Stop and think for a moment just how astonishing this fact is.  In the past century, America has gone from an expanding industrial economy with a very large agricultural sector to an industrial economy with a small agricultural sector and a nascent service sector to a post-industrial economy with a very large service sector, a shrinking industrial sector, and a miniscule agricultural sector.  During that time, formal educational credentials beyond elementary school have gone from being very rare indeed to being almost universal, and college degrees, once the proud boast of a tiny fraction of the adult population, are now the possession of almost one third of adults.  And yet, the basic shape of the income distribution among the ten deciles of the population has, if anything, grown somewhat more unequal.

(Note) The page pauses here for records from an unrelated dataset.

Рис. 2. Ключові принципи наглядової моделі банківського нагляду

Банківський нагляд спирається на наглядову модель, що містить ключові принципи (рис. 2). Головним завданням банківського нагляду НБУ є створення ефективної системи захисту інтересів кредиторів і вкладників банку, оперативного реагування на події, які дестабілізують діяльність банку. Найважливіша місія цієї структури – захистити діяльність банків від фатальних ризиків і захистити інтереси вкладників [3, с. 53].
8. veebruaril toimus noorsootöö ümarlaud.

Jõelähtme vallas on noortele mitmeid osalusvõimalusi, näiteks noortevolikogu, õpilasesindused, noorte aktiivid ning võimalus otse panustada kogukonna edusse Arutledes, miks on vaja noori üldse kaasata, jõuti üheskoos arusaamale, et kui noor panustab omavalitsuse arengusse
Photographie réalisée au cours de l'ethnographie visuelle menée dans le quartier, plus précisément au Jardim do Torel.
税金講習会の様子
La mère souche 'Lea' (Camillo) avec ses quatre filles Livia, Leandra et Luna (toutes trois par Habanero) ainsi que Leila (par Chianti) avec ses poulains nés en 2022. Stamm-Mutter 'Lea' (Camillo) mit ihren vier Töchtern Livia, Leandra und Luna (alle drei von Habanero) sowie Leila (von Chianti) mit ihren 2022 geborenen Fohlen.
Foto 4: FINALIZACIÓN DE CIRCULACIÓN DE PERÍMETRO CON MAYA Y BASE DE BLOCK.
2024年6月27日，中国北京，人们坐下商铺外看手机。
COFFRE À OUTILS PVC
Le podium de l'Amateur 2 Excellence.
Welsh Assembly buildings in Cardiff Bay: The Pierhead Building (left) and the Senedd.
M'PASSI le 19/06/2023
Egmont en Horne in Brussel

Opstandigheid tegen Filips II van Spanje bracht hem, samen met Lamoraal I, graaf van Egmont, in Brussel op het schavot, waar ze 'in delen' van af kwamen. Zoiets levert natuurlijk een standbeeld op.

Clearly, this is not at all what popular discussions of income inequality would lead us to expect.  Again and again and again, everyone who talks about income inequality says that the secret of bringing everyone into the "middle class" is more education.  But that can only be true if the presence of a more highly educated workforce leads to a shift in the organization of work that features a higher percentage of high-wage jobs and a lower percentage of low-wage jobs.  And for one hundred years, that shift has not been taking place.

What in fact would result in the substitution of higher for lower wage jobs in America?  Let us talk about that tomorrow.